Deep-learning-assisted Sort-Seq enables high-throughput profiling of gene expression characteristics with high precision

As an essential physiological process, gene expression determines the function of each cell. However, owing to the complex nondeterministic and nonlinear nature of gene expression, the steady-state intracellular protein abundance of a clonal population forms a distribution. The characteristics of this distribution, including expression strength and noise, are closely related to cellular behavior. Therefore, quantitative description of these characteristics is an important goal in biology.
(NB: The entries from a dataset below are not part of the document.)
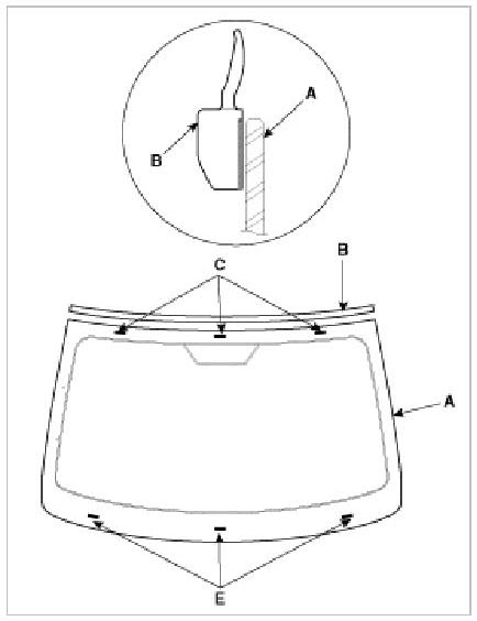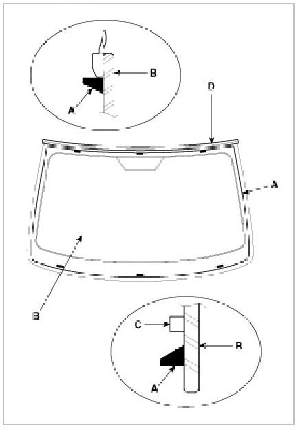 8. Pack adhesive into the cartridge without air pockets to ensure continuous delivery. Put the cartridge in a caulking gun, and run a bead of adhesive (A) around the edge of the windshield (B) between the fastener (C) and molding (D) as shown. Apply the adhesive within 30 minutes after applying the glass primer. Make a slightly thicker bead at each corner.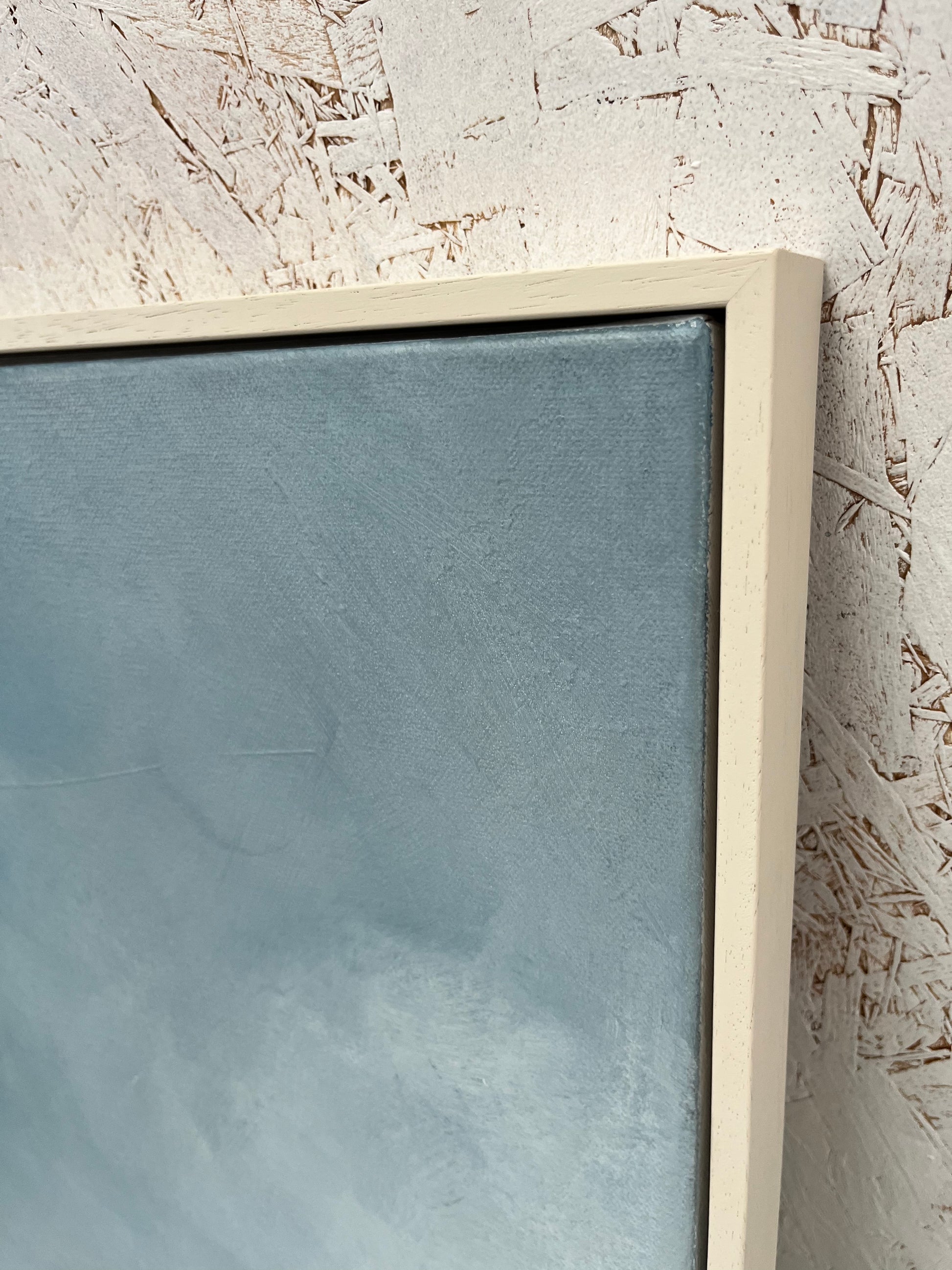 Acrylic on Canvas. Framed in a cream wooden tray frame.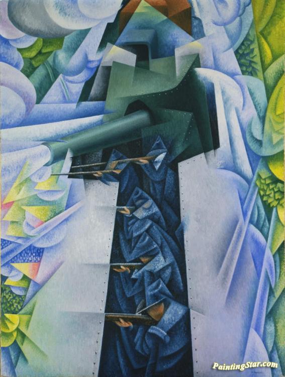 Armored Train In Action, 1915, Art Painting by Gino Severini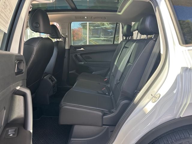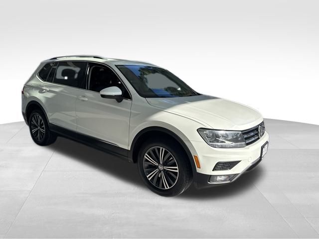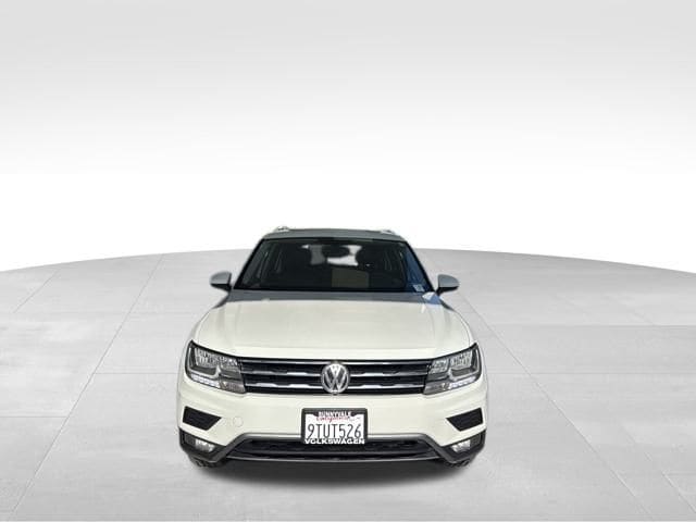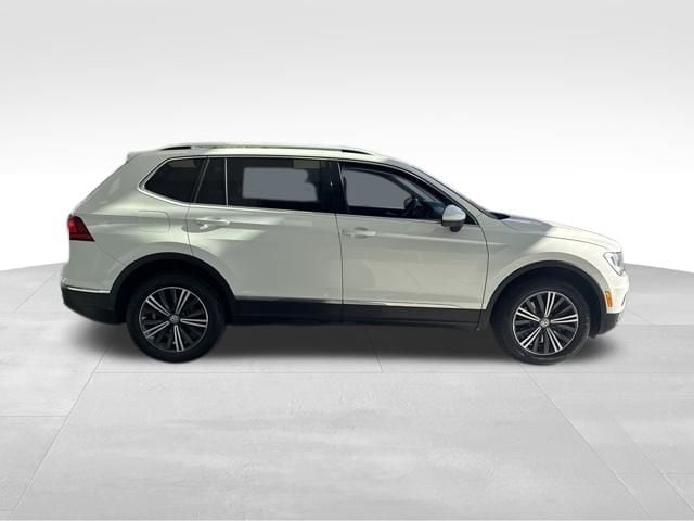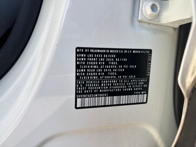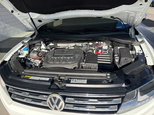 2018 Volkswagen Tiguan 2.0T SEL in White with Titan Black Leatherette, Moonroof/Sunroof, AWD, 3.33 Axle Ratio, 4-Wheel Disc Brakes, 6 Speakers, ABS brakes, Air Conditioning, Alloy wheels, AM/FM radio: SiriusXM, Automatic temperature control, Brake assist, Bumpers: body-color, Compass, Delay-off headlights, Driver door bin, Driver vanity mirror, Dual front impact airbags, Dual front side impact airbags, Electronic Stability Control, Emergency communication system: VW Car-Net, Exterior Parking Camera Rear, Four wheel independent suspension, Front anti-roll bar, Front Bucket Seats, Front Center Armrest, Front dual zone A/C, Front fog lights, Front reading lights, Fully automatic headlights, Heated door mirrors, Heated Front Bucket Seats, Heated front seats, Illuminated entry, Leather Shift Knob, Low tire pressure warning, Navigation System, Occupant sensing airbag, Outside temperature display, Overhead airbag, Overhead console, Panic alarm, Passenger door bin, Passenger vanity mirror, Perforated V-Tex Leatherette Seating Surfaces, Power door mirrors, Power driver seat, Power Liftgate, Power moonroof, Power steering, Power windows, Radio data system, Radio: AM/FM/HD/CD w/Dual USB Inputs, Rear anti-roll bar, Rear reading lights, Rear seat center armrest, Rear window defroster, Rear window wiper, Remote CD player, Remote keyless entry, Security system, Speed control, Speed-sensing steering, Split folding rear seat, Spoiler, Steering wheel mounted audio controls, Tachometer, Telescoping steering wheel, Tilt steering wheel, Traction control, Trip computer, Turn signal indicator mirrors, Variably intermittent wipers, Wheels: 18" Nizza. White 2018 Volkswagen Tiguan 2.0T SEL 4Motion AWD 8-Speed Automatic with Tiptronic 2.0L TSI DOHC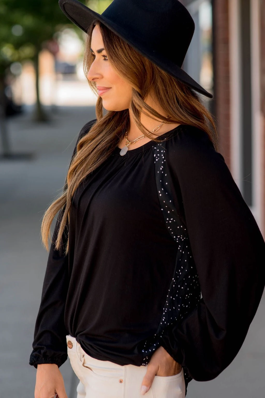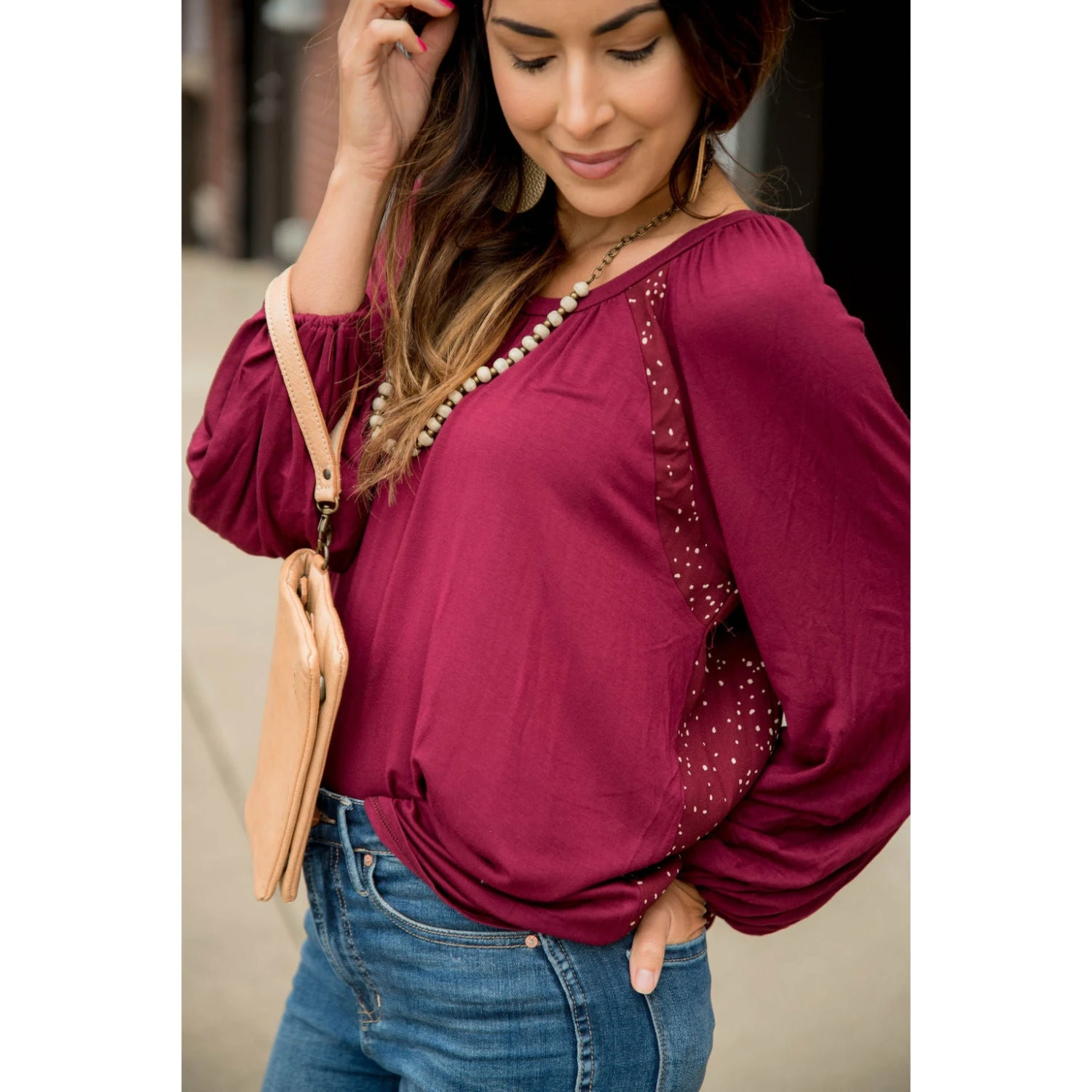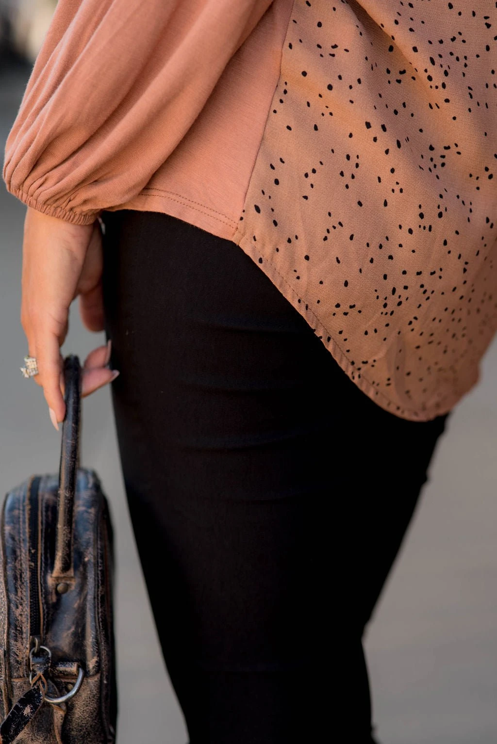 Soft and flowy, yet comfy and chic! The dot trim brings life to any outfit. Pair with your fave jeans or leggings, this tee has you ready for any occasion.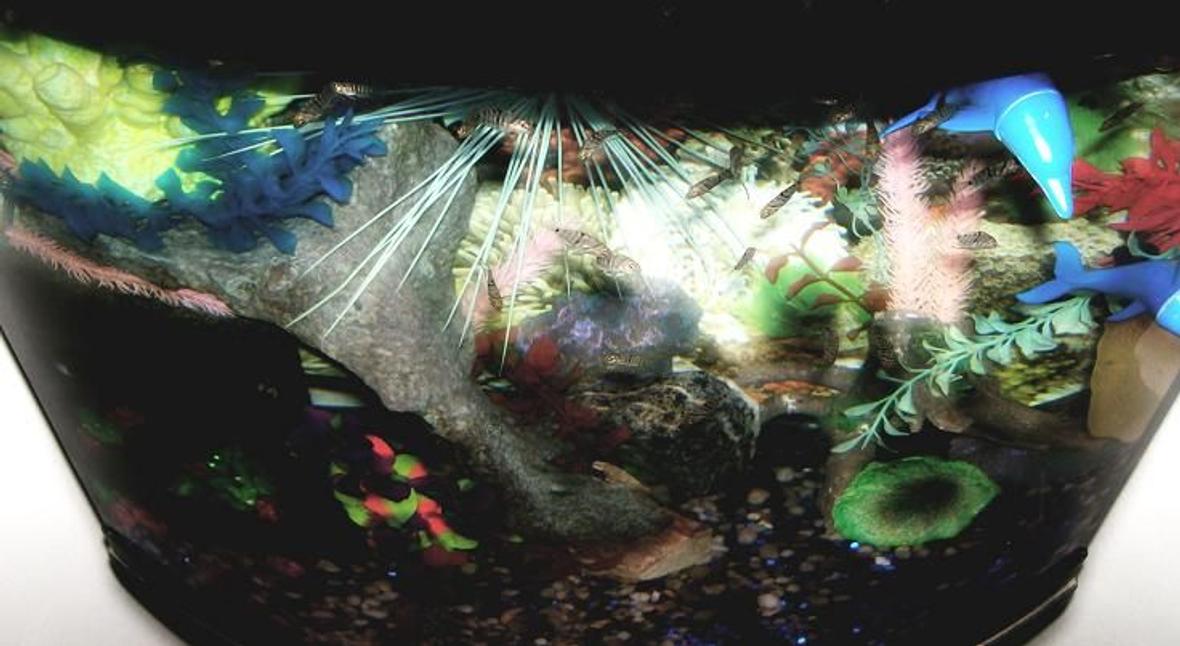 Convicts- 1 mom, 1 dad, & 20 adult babies in 26 gallon bow tank. Very hardy fish!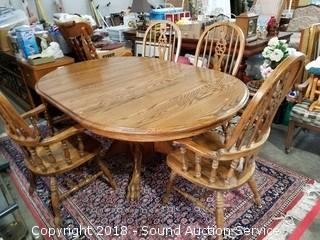 Lot #0046: Vtg. Solid Oak Claw Foot Dining Set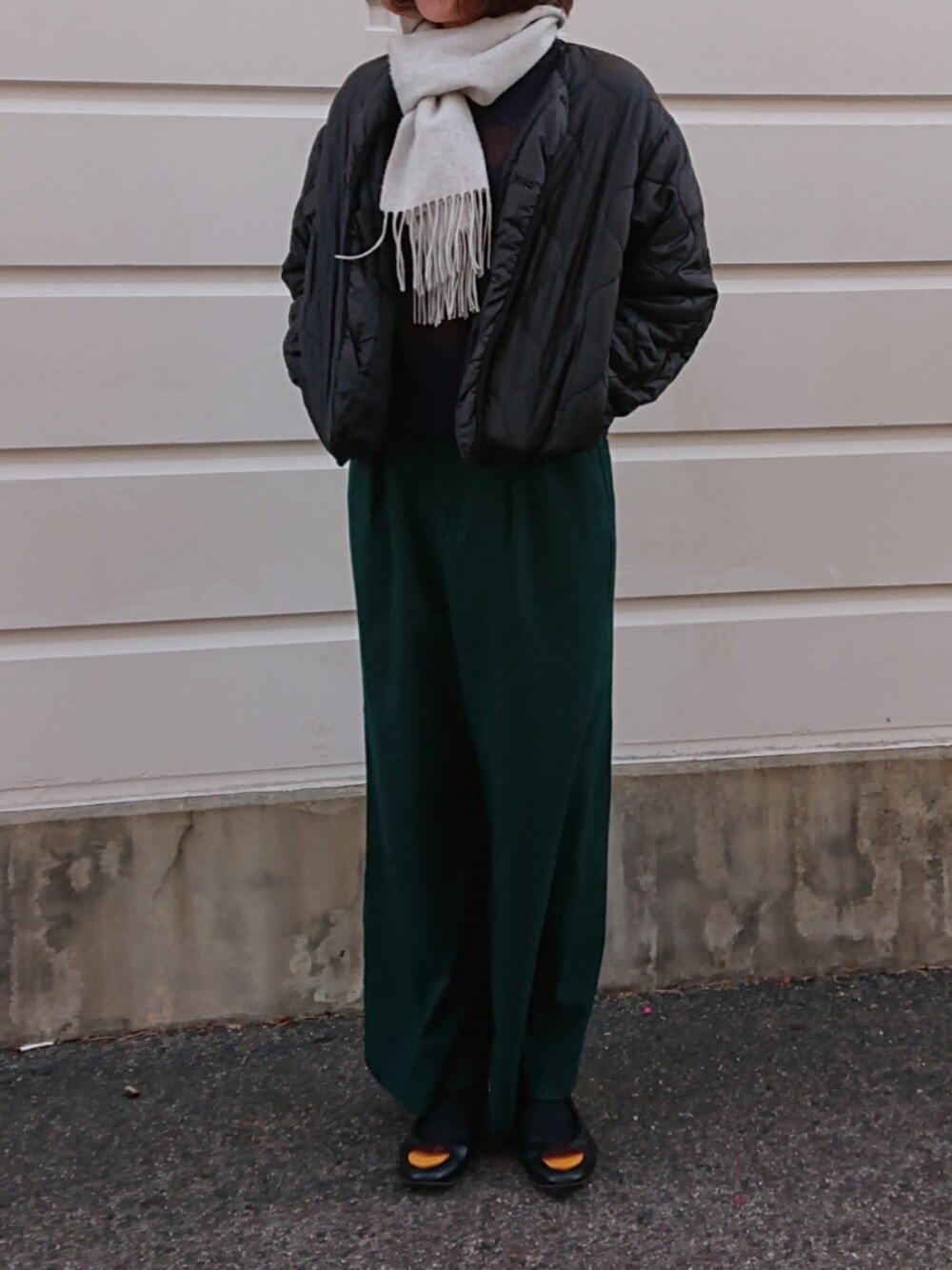 重めなトーンにマフラーでワンポイント、なコーデ。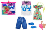 Questi pacchetti moda offrono il doppio del divertimento in termini di moda con vestiti e accessori per le bambole Barbie e Ken per 2 look completi. I morbidi capi di moda di Barbie e Ken vestiti magliette o pantaloni sono realizzati in tessuto di plastica riciclata Il completo di Barbie e' caratterizzato da un vestito con stampa tropicale e viene fornito con una borsa di paglia per un look divertente ed estivo. Il completo Ken presenta una maglia senza maniche 04 e pantaloncini da bagno e viene fornito con scarpe slipon per una giornata sportiva al sole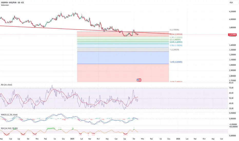 Na parze USDPLN widać wyraźny trend spadkowy, a obecnie kurs testuje ważną linię wsparcia wynikającą z długoterminowego układu technicznego. Po odbiciu w okolice 3,75 rynek ponownie kieruje się w dół, a ostatnie zamknięcie w rejonie 3,63 pokazuje, że presja podażowa wciąż dominuje.
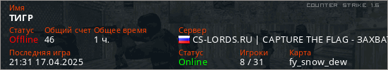 Последний раз был в сети 21:31 17.04.2025 Игрок с таким ником замечен на 21 сервере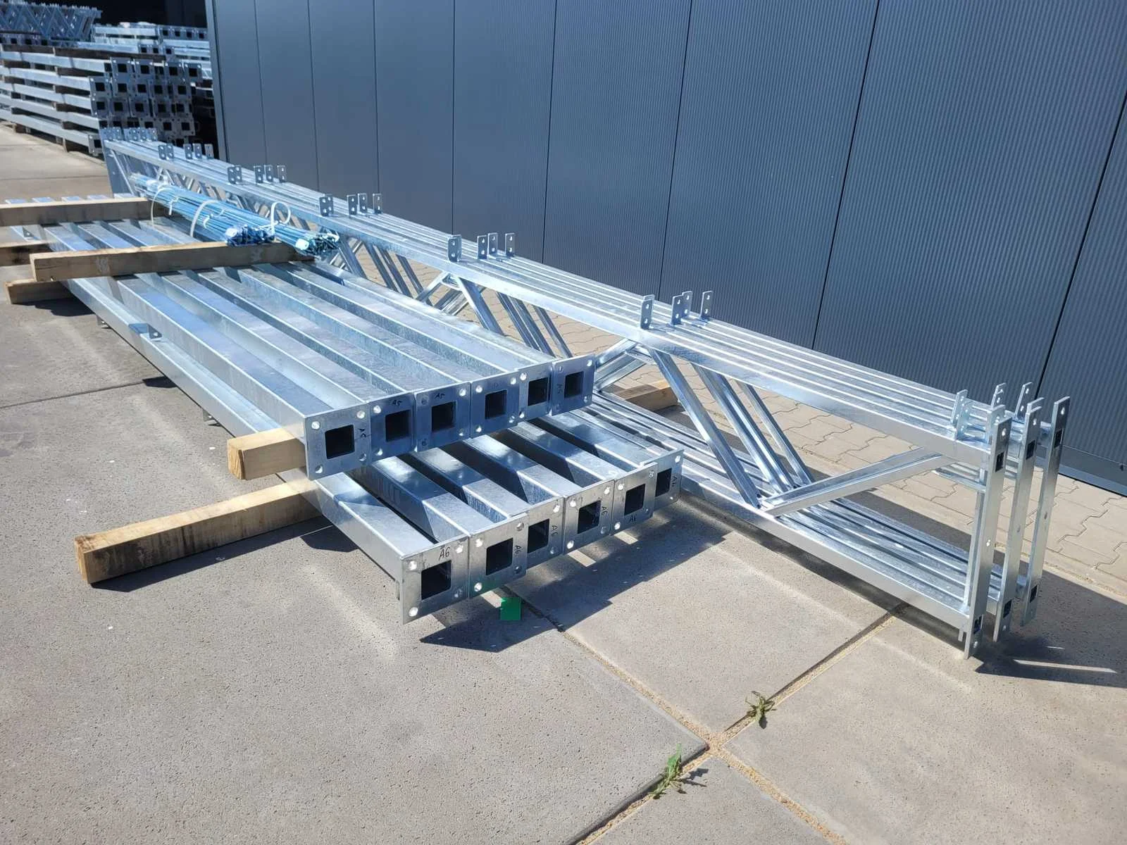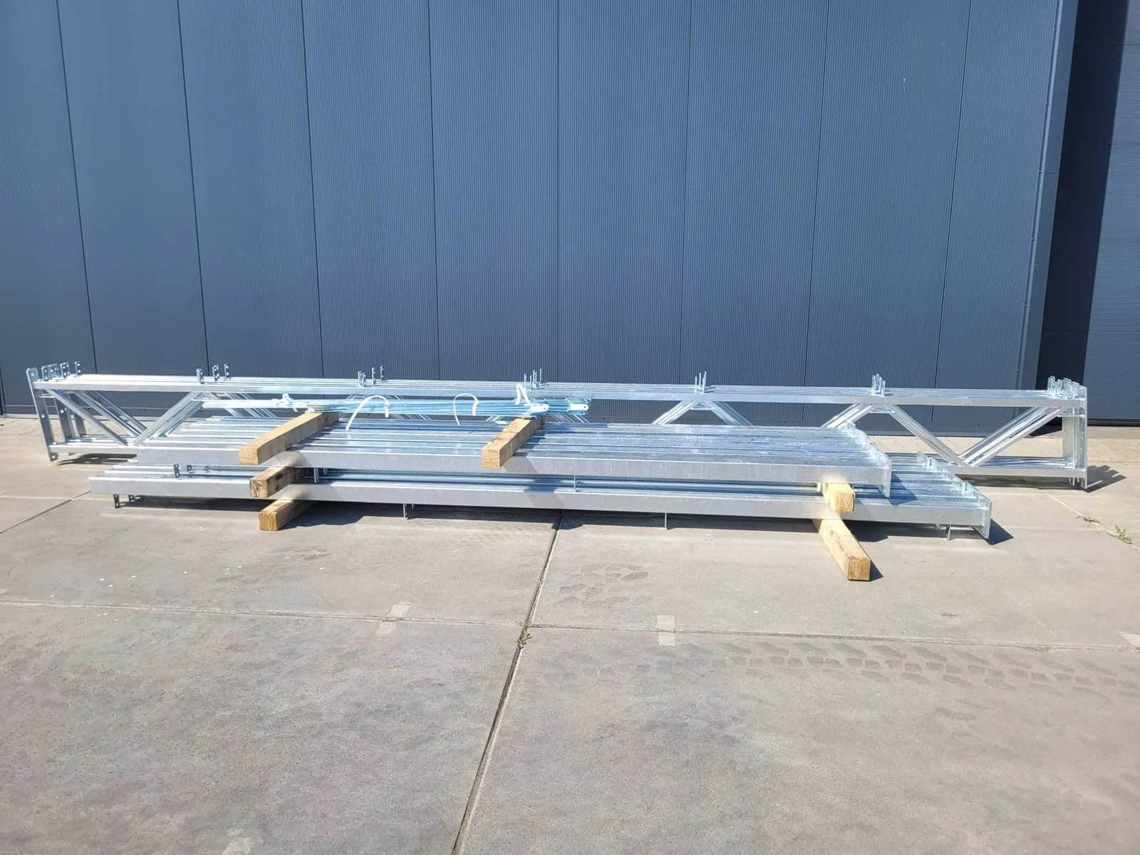 Gegalvaniseerd staal; ongebruikt Totaal oppervlakte: 112m² Goot hoogte: 4000mm Totale afmeting L: 16000mm Totale afmeting Breedte: 7000mm

This task, however, has so far relied on arrayed methods, which are time-consuming and labor-intensive. To address this issue, we propose a deep-learning-assisted Sort-Seq approach (dSort-Seq) in this work, enabling high-throughput profiling of expression properties with high precision. We demonstrated the validity of dSort-Seq for large-scale assaying of the dose‒response relationships of biosensors. In addition, we comprehensively investigated the contribution of transcription and translation to noise production in E. coli, from which we discovered that the expression noise is strongly coupled with the mean expression level instead of translation strength, even in the case of weak transcription. We also discovered that the transcriptional interference caused by overlapping RpoD-binding sites contributes to noise production, which suggested the existence of a simple and feasible noise control strategy in E. coli. Overall, dSort-Seq is able to efficiently determine the strength-noise landscape, which has promising applications in studies related to gene expression. ### Competing Interest Statement The authors have declared no competing interest.